[Records from a data collection]
BEGIN
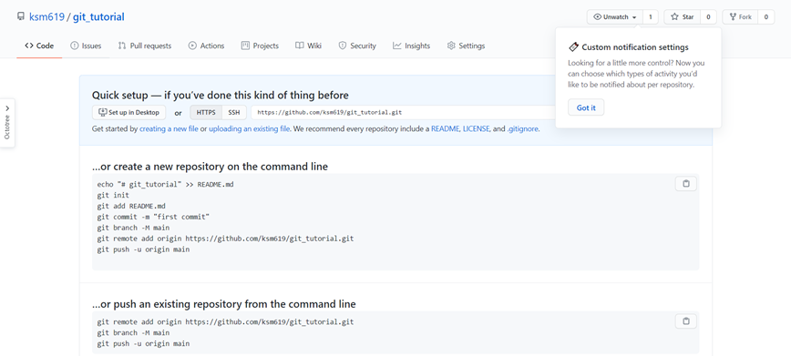 push가 끝났으면 Github에 올라와 있는지 확인한다.
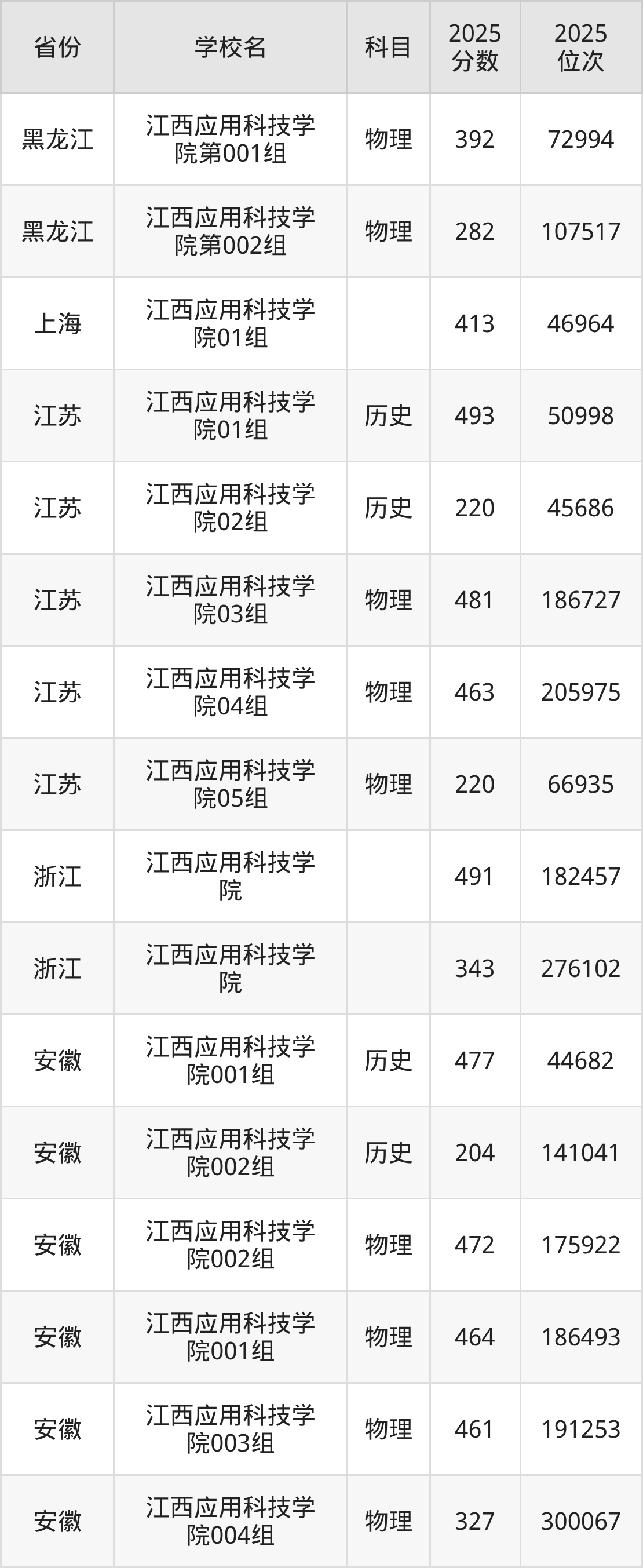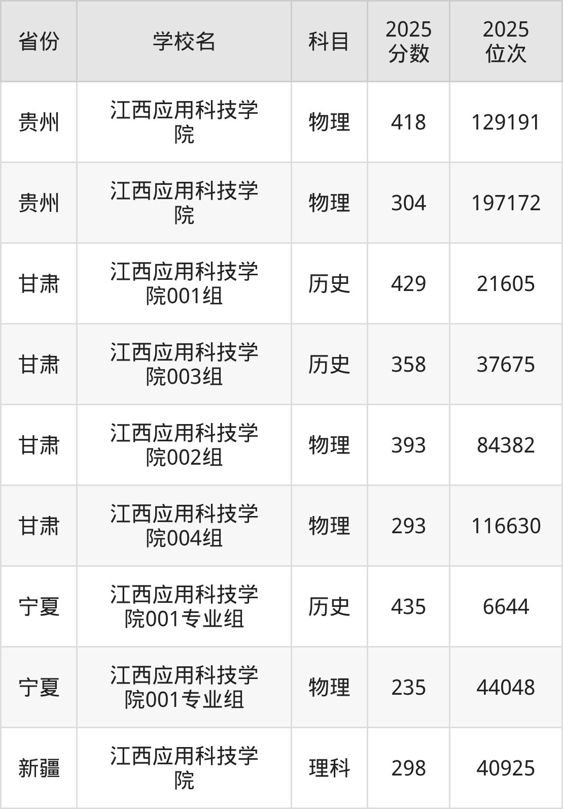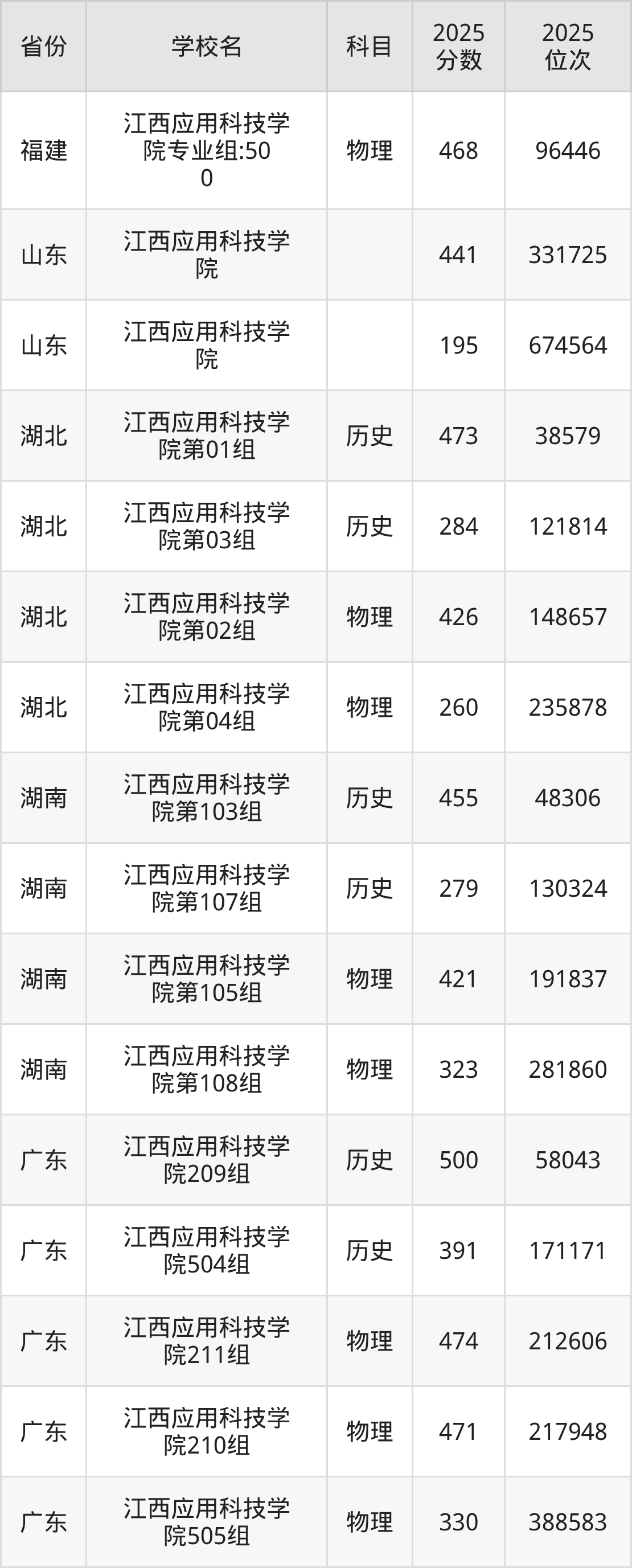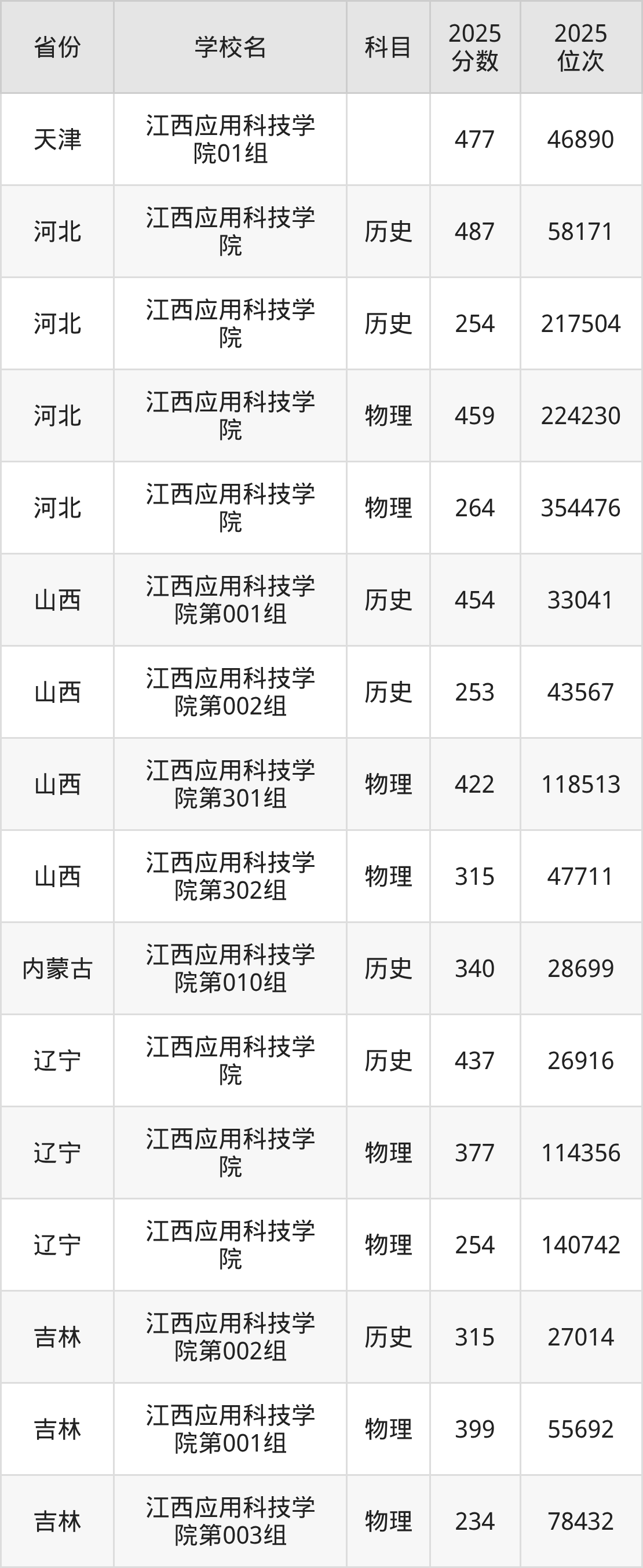 2025年江西应用科技学院在省内分历史物理科目类录取,其中历史类最低分是424分、对应位次是87358名;物理类最低分是354分,对应位次是225008名。
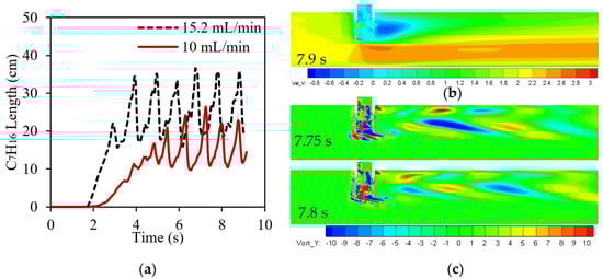 (a) The diesel vapor length with time, (b) the velocity field and (c) the vorticity under the fuel flow rate of 15.2 mL/min.
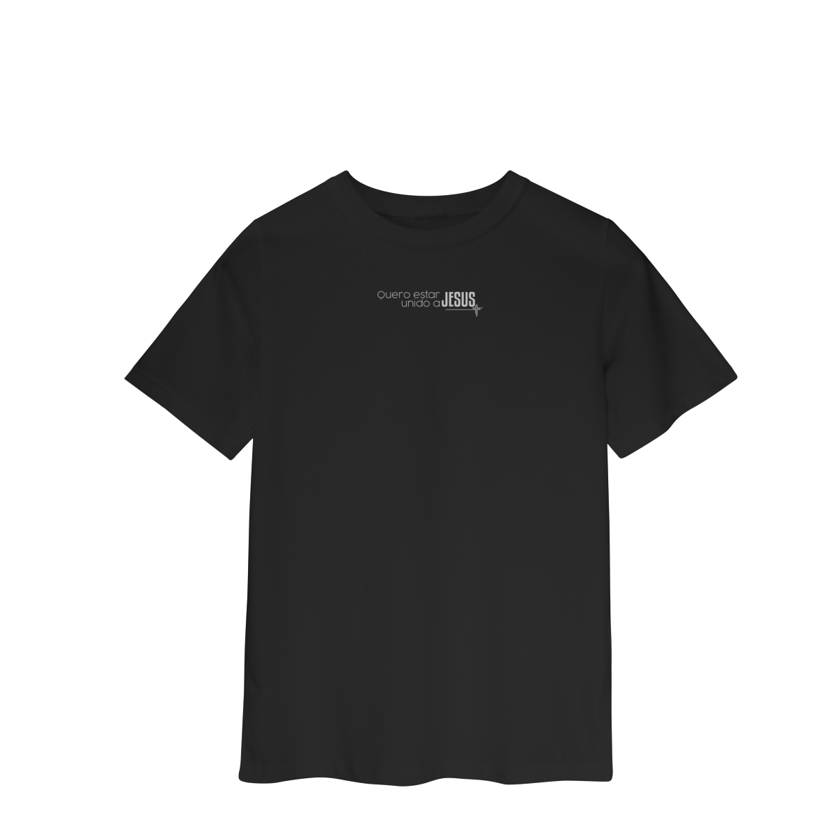 Com modelagem confortável e delicada, traz na frente a frase “Quero estar unido a Jesus”, em uma estampa sutil que transmite espiritualidade com leveza.
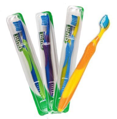 -. Feature : Gum 221 technique kids toothbrush Unique, raised-center Dome-Trim bristles clinically proven to clean below the gum line where periodontal disease starts. / Ultra-cushioned, patented Quad-Grip handle guides child's hand to the proper brushing angle. / Recommended by dental professionals / Assorted colors
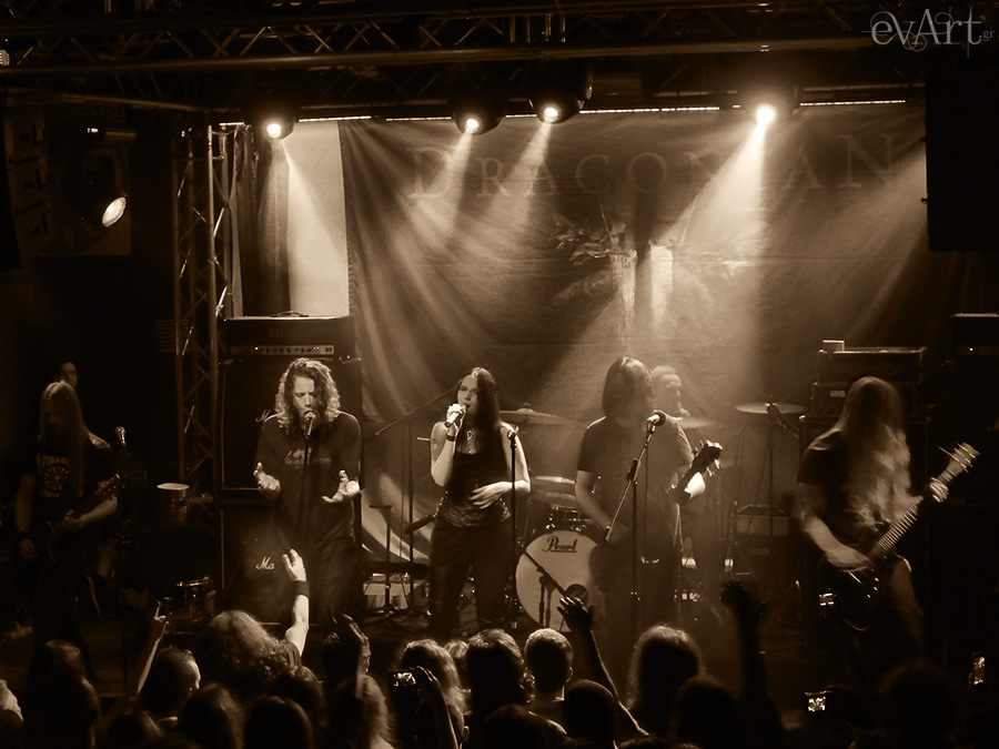 Κάπως έτσι έφτασε η ώρα των Draconian, με το Club του Κυττάρου να είναι γεμάτο με ανυπόμονους fans. Οι Draconian εμφανίστηκαν με 50% διαφορετικό line up, όχι μόνο όσον αφορά τη θέση της τραγουδίστριας, που ως γνωστόν η Heike Langhans (ex-Inferium, ex-The Great Sleep, :LOR3L3I:, ISON) έχει αντικαταστήσει την αξεπέραστη Lisa Johansson, αλλά και με διαφορετικό ντράμερ (στη θέση του Jerry Torstensson έπαιξε ο Tarald Lie από Tristania) και μπασίστα, όπου αντί του Fredrik Johansson ήταν ο "φίλος" της Heike, Daniel Änghede (Crippled Black Phoenix, Hearts of Black Science, ISON). Οι αλλαγές αυτές ίσως ανάγκασαν τη μπάντα να παίξει μόνο 8 τραγούδια για περίπου μία ώρα. Τα κομμάτια ήταν από το καινούργιο τους άλμπουμ "Sovran", από το "Arcane Rain Fell" (2005) και από το "Turning Season Within" (2008).
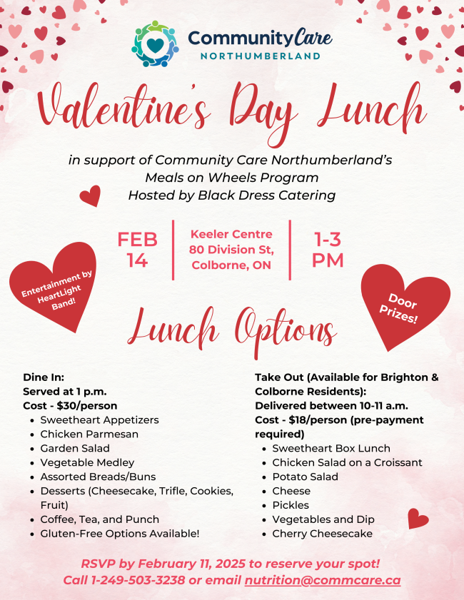 February 14 - Valentine's Day Lunch Fundraiser for Meals on Wheels
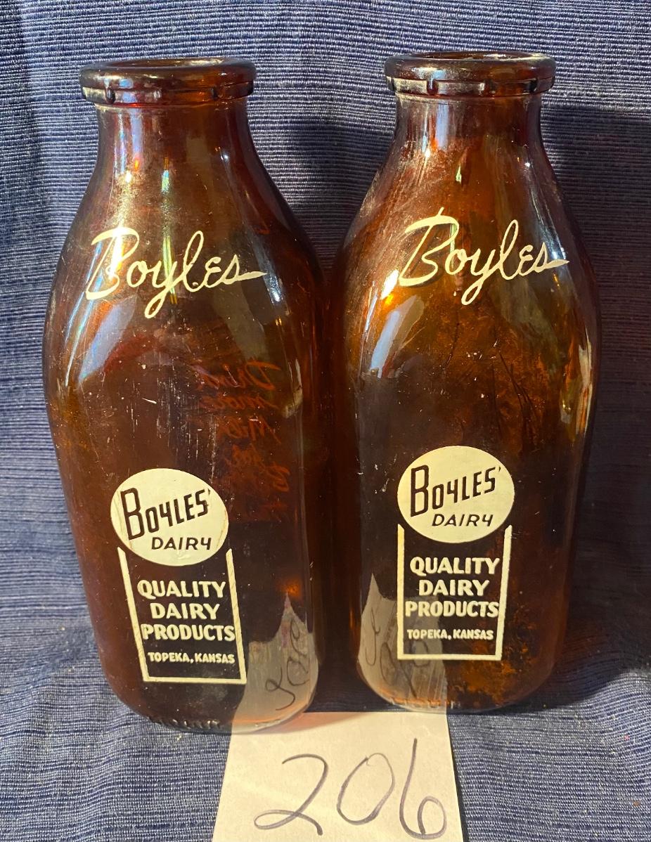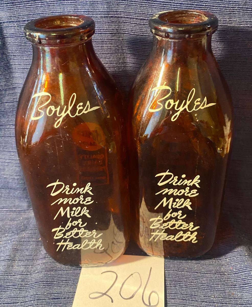 2 Vintage Boyles Dairy 1950s Milk Bottles
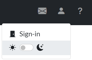 The person icon will open a pop-up to sign-in to your account; only a few pages require an account. Use the dark mode toggle to switch between dark and light mode.
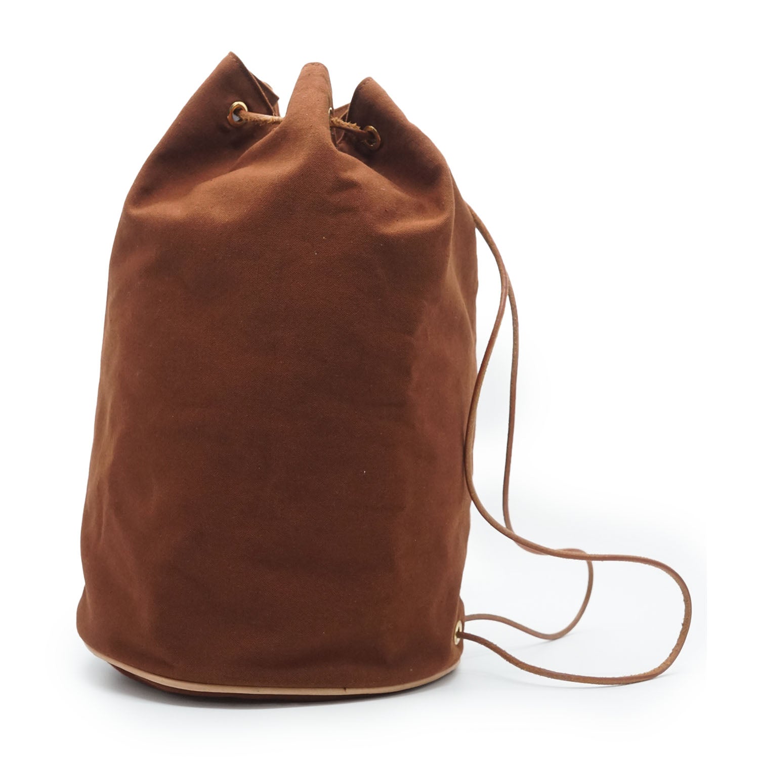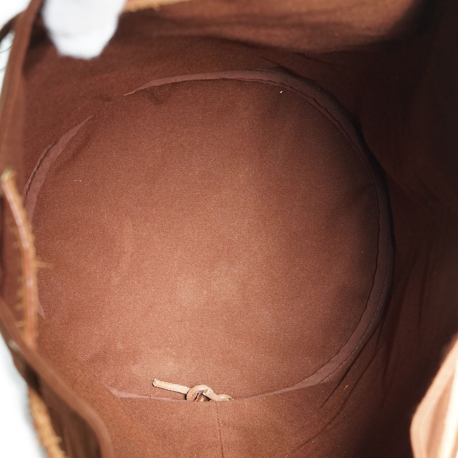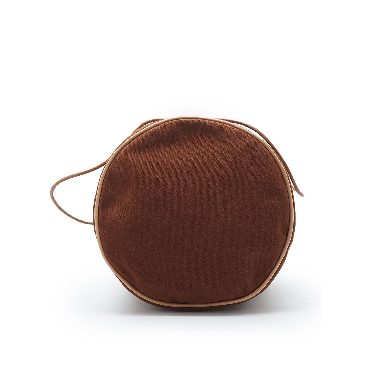 Polochon Mimile GM Brown CottonDepth: 24cmHeight: 37cmWidth: 24cmWidth at Top: 34cmShoulder Drop: 31cmStain: Minor white spots on the back, minor white stain on the insideDiscoloration: Slight discoloration overallPeeling: Leather peeling/fraying overall the drawstring, slight pilling on the outer surface
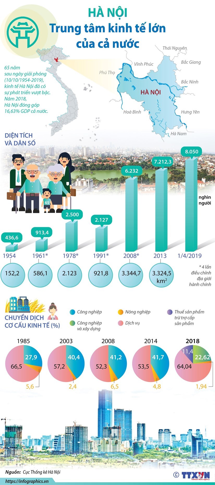 65 năm sau ngày giải phóng, kinh tế Hà Nội đã có sự phát triển vượt bậc, đóng góp 16,63% GDP cả nước (năm 2018) và cơ cấu chuyển dịch tích cực.
END
WORK INSTRUCTIONS
Leave out every picture, and copy exactly the lines above starting at the one holding "Com modelagem confortável" and ending at the one holding "-. Feature : Gum", no more and no less.

YOUR SOLUTION
 Com modelagem confortável e delicada, traz na frente a frase “Quero estar unido a Jesus”, em uma estampa sutil que transmite espiritualidade com leveza.
 -. Feature : Gum 221 technique kids toothbrush Unique, raised-center Dome-Trim bristles clinically proven to clean below the gum line where periodontal disease starts. / Ultra-cushioned, patented Quad-Grip handle guides child's hand to the proper brushing angle. / Recommended by dental professionals / Assorted colors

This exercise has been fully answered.